In addition, a method for achieving the object of the present invention, in a digital camera using a wide-angle imaging technique, a method for removing the vignetting phenomenon generated during the wide-angle shooting, the process of detecting the image to be photographed and cut into a rectangular image; Calculating a focal length of an area where the vignetting phenomenon occurs in the image through area-specific control of the image sensor module, measuring a current incident light amount, and using the measured light amount and the focal length And calculating the sensitivity available in the sensor module in advance to remove the vignetting phenomenon.

Hereinafter, exemplary embodiments of the present invention will be described in detail with reference to the accompanying drawings. In the following description of the present invention, if it is determined that a detailed description of a related known function or configuration may unnecessarily obscure the subject matter of the present invention, the detailed description thereof will be omitted.

The present invention to be described below will be described by way of example a digital camera having a structure that is difficult to remove the vignetting phenomenon generated during wide-angle imaging. However, it should be noted that it can be applied to other devices capable of wide-angle photography. First, an apparatus for removing vignetting in a digital camera according to an embodiment of the present invention will be described with reference to the accompanying drawings.

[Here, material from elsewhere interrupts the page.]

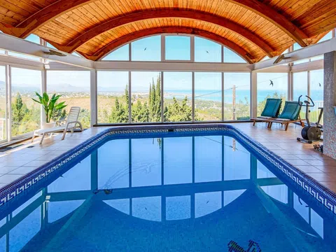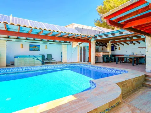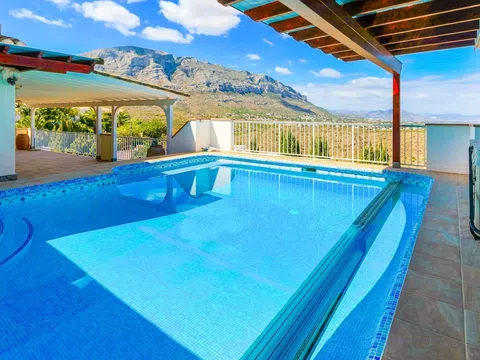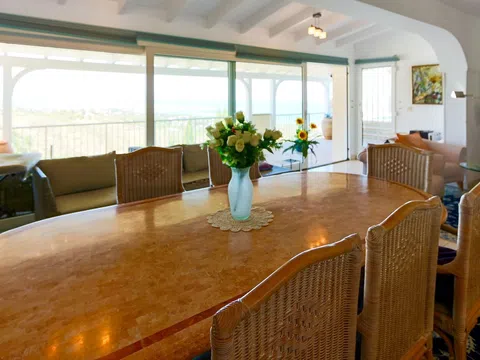 RANDOF Inmobiliaria, con oficinas en Dénia, Jávea y Moraira, le ofrece esta encantadora propiedad con fantásticas vistas panorámicas al mar en una ubicación muy solicitada en Las Rotas, Dénia. Ubicado en dos parcelas con un total de 1.445 m2, este excepcional conjunto consta de piscina exterior con terraza y cocina de verano, casa principal con estudio independiente, piscina, casa de invitados, oficina, garaje, sauna con ducha y lavadero, todo ello enclavado en un jardín mediterráneo. La casa principal ofrece en una sola planta una zona de entrada independiente, una cocina americana totalmente equipada, salón con ventanal, comedor con acceso a la piscina exterior y terrazas, tres dormitorios y dos baños. Una escalera exterior conduce al estudio con sala de estar/dormitorio, cocina americana, cuarto de ducha y terraza. La casa de invitados consta de un salón/comedor con cocina americana y acceso a una terraza parcialmente cubierta con vistas al mar y al invernadero, que conecta la villa con la piscina cubierta, dos dormitorios, un cuarto de baño con bañera, un cuarto de baño con ducha y un aseo de invitados. Las sofisticadas características incluyen calefacción central de gas, aire acondicionado, videovigilancia en la zona exterior, cocina de verano con grifo, paneles solares, bomba de calor y deshumidificador en la piscina, etc. Una propiedad ideal para disfrutar de la vida mediterránea todo el año con familia y amigos. [IW].

3 is a diagram illustrating an apparatus for removing vignetting in a digital camera according to an embodiment of the present invention.

Referring to FIG. 3, the digital camera is largely composed of an image sensor module and a processor that enables area-specific control of the image sensor module.

The image sensor module is used to remove vignetting through area-specific control in a digital camera. For example, the image sensor module uses a CCD or a CMOS.

The processing unit includes a camera control unit 310 for performing overall control of the camera, a vignetting processing unit 320 for removing the vignetting phenomenon, and a photographing unit 330 for capturing an actual image.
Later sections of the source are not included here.